_EXERCISE DATA_
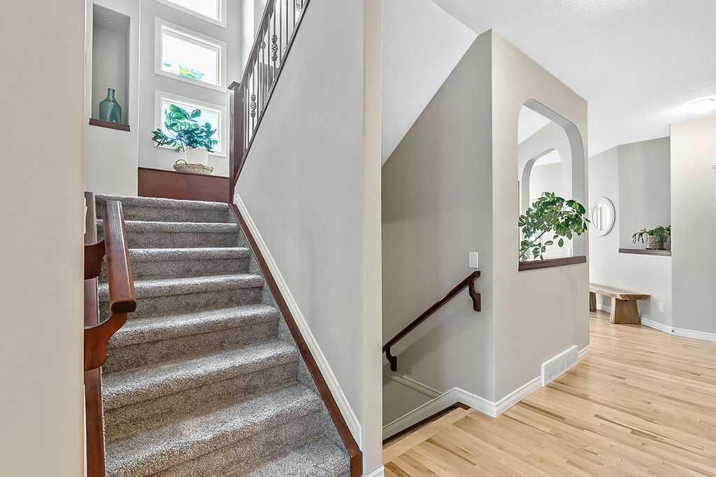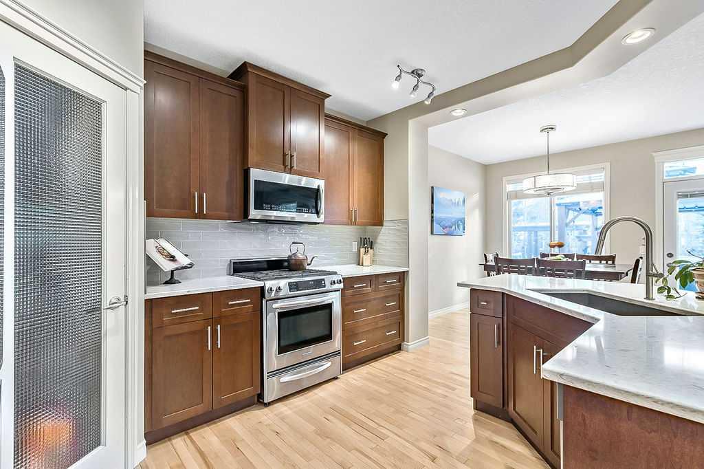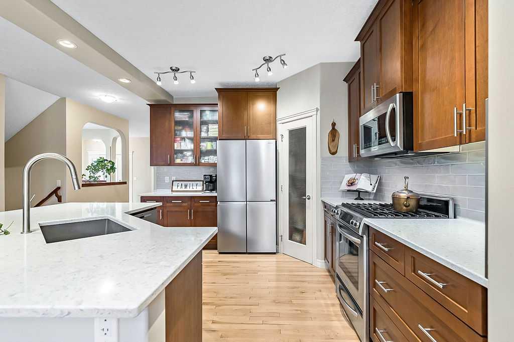 ~LAKE ACCESS ~ STEPS TO GOLF COURSE~ TRIPLE HEATED GARAGE ~ 6 BEDOOMS ~ 4 BATHS ~ ALMOST 4000 SQ FT OF LIVING SPACE~ Check out this absolutely stunning home nestled on one of the quietest roads in Crystal Green. Backing onto the prestigious Air-Ranch homes gives this street that extra feel of luxury and privacy. This home provides the space you need for large families to function together. Step inside the large entranceway and notice the beautifully maintained hardwood floors. The front office/den can be easily converted to a formal dining space or the flex space you need. Step through to the open concept living space with a charming 3 way gas fireplace, a stunning kitchen, huge dining, and cozy living room. This open floorplan is where all the memories will be made. Large windows invite your eye to enjoy the outside greenery. Enjoy cooking meals in this chefs kitchen with recent updates of new quartz counters and backsplash. Plenty of cupboards, workspace, stainless steel appliances, gas stove, corner pantry , and massive sit up island are just a few of the features this kitchen offers. Enjoy watching the kids and pets play in the yard from the kitchen. The upper level has new plush carpets and offer a second living space for your family. The huge bonus room is loaded with natural light and provides a good separation between the primary bedroom and the kids/guest rooms. You will love this massive primary suite!! The walk-in closet is large enough to host all your clothes plus dressers if needed. The ensuite gives a space to relax after a long day at work. 3 more large sized room plus another 5 piece bathroom complete this bright and sunny upper level. The fully finished lower level provides a 3rd living space plus 2 more large bedrooms and another full bathroom. If you love outdoor space, this home is for you!! The tranquil oasis of a back yard truly comes to life every summer , providing privacy, and pure bliss. Relax on the large deck space and listen to the leaves on the mature trees blowing in the breeze. There are so many spaces on this property to obtain the lifestyle you desire. Enjoy long walks on the extensive path system Okotoks has to offer. Close to parks and playgrounds , in a convenient north end location that is perfect for city commuters. The oversized triple heated garage has epoxy floors, a man door to outside, a workbench area(or extra toy parking) and plenty of space for storage. Air conditioned on all levels of the home! There is truly something for every member of the family to find pleasure in this remarkable home. Upgrades over the last few years include new concrete pathway to back yard, hardwood floors redone, new counter tops and backsplash in kitchen, new carpets, paint, new back door and back windows, epoxy floors in garage... and more. Enjoy 4 season entertainment at Crystal Shores lake, offering beaches, swimming, fishing(summer and winter) and skating. This is a true family home ready for its next family to enjoy.
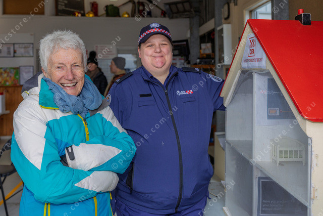 L-R Mary Nymyer and Racheal Holland next to a display about smoke detectors in homes.
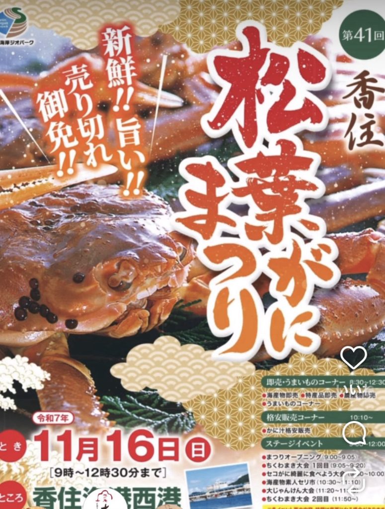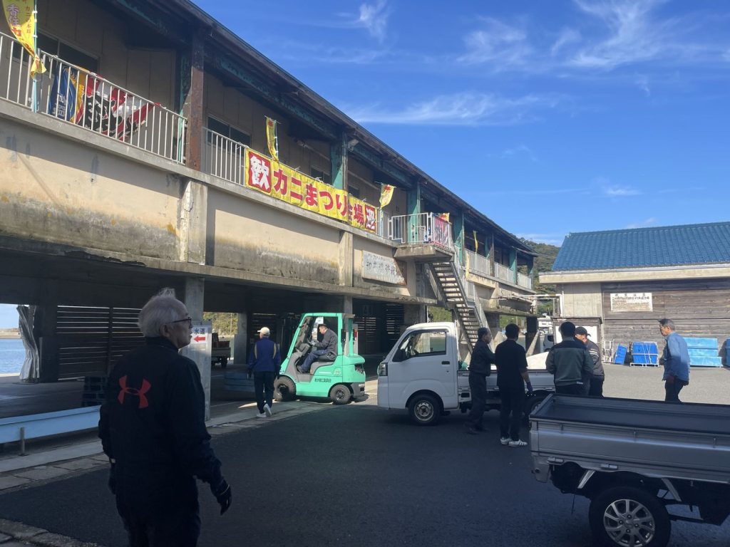 2025.11.15. 今日の香住漁港は晴天です。明日は第41回香住松葉ガニ祭りが開催されます。今日は実行委員会の役員様に準備をしていただいています。明日も晴れの予想です。

_WHAT YOU SHOULD DO_
Without any pictures, repeat the listing exactly.

_ANSWER TO THIS PROBLEM_
 ~LAKE ACCESS ~ STEPS TO GOLF COURSE~ TRIPLE HEATED GARAGE ~ 6 BEDOOMS ~ 4 BATHS ~ ALMOST 4000 SQ FT OF LIVING SPACE~ Check out this absolutely stunning home nestled on one of the quietest roads in Crystal Green. Backing onto the prestigious Air-Ranch homes gives this street that extra feel of luxury and privacy. This home provides the space you need for large families to function together. Step inside the large entranceway and notice the beautifully maintained hardwood floors. The front office/den can be easily converted to a formal dining space or the flex space you need. Step through to the open concept living space with a charming 3 way gas fireplace, a stunning kitchen, huge dining, and cozy living room. This open floorplan is where all the memories will be made. Large windows invite your eye to enjoy the outside greenery. Enjoy cooking meals in this chefs kitchen with recent updates of new quartz counters and backsplash. Plenty of cupboards, workspace, stainless steel appliances, gas stove, corner pantry , and massive sit up island are just a few of the features this kitchen offers. Enjoy watching the kids and pets play in the yard from the kitchen. The upper level has new plush carpets and offer a second living space for your family. The huge bonus room is loaded with natural light and provides a good separation between the primary bedroom and the kids/guest rooms. You will love this massive primary suite!! The walk-in closet is large enough to host all your clothes plus dressers if needed. The ensuite gives a space to relax after a long day at work. 3 more large sized room plus another 5 piece bathroom complete this bright and sunny upper level. The fully finished lower level provides a 3rd living space plus 2 more large bedrooms and another full bathroom. If you love outdoor space, this home is for you!! The tranquil oasis of a back yard truly comes to life every summer , providing privacy, and pure bliss. Relax on the large deck space and listen to the leaves on the mature trees blowing in the breeze. There are so many spaces on this property to obtain the lifestyle you desire. Enjoy long walks on the extensive path system Okotoks has to offer. Close to parks and playgrounds , in a convenient north end location that is perfect for city commuters. The oversized triple heated garage has epoxy floors, a man door to outside, a workbench area(or extra toy parking) and plenty of space for storage. Air conditioned on all levels of the home! There is truly something for every member of the family to find pleasure in this remarkable home. Upgrades over the last few years include new concrete pathway to back yard, hardwood floors redone, new counter tops and backsplash in kitchen, new carpets, paint, new back door and back windows, epoxy floors in garage... and more. Enjoy 4 season entertainment at Crystal Shores lake, offering beaches, swimming, fishing(summer and winter) and skating. This is a true family home ready for its next family to enjoy.
 L-R Mary Nymyer and Racheal Holland next to a display about smoke detectors in homes.
 2025.11.15. 今日の香住漁港は晴天です。明日は第41回香住松葉ガニ祭りが開催されます。今日は実行委員会の役員様に準備をしていただいています。明日も晴れの予想です。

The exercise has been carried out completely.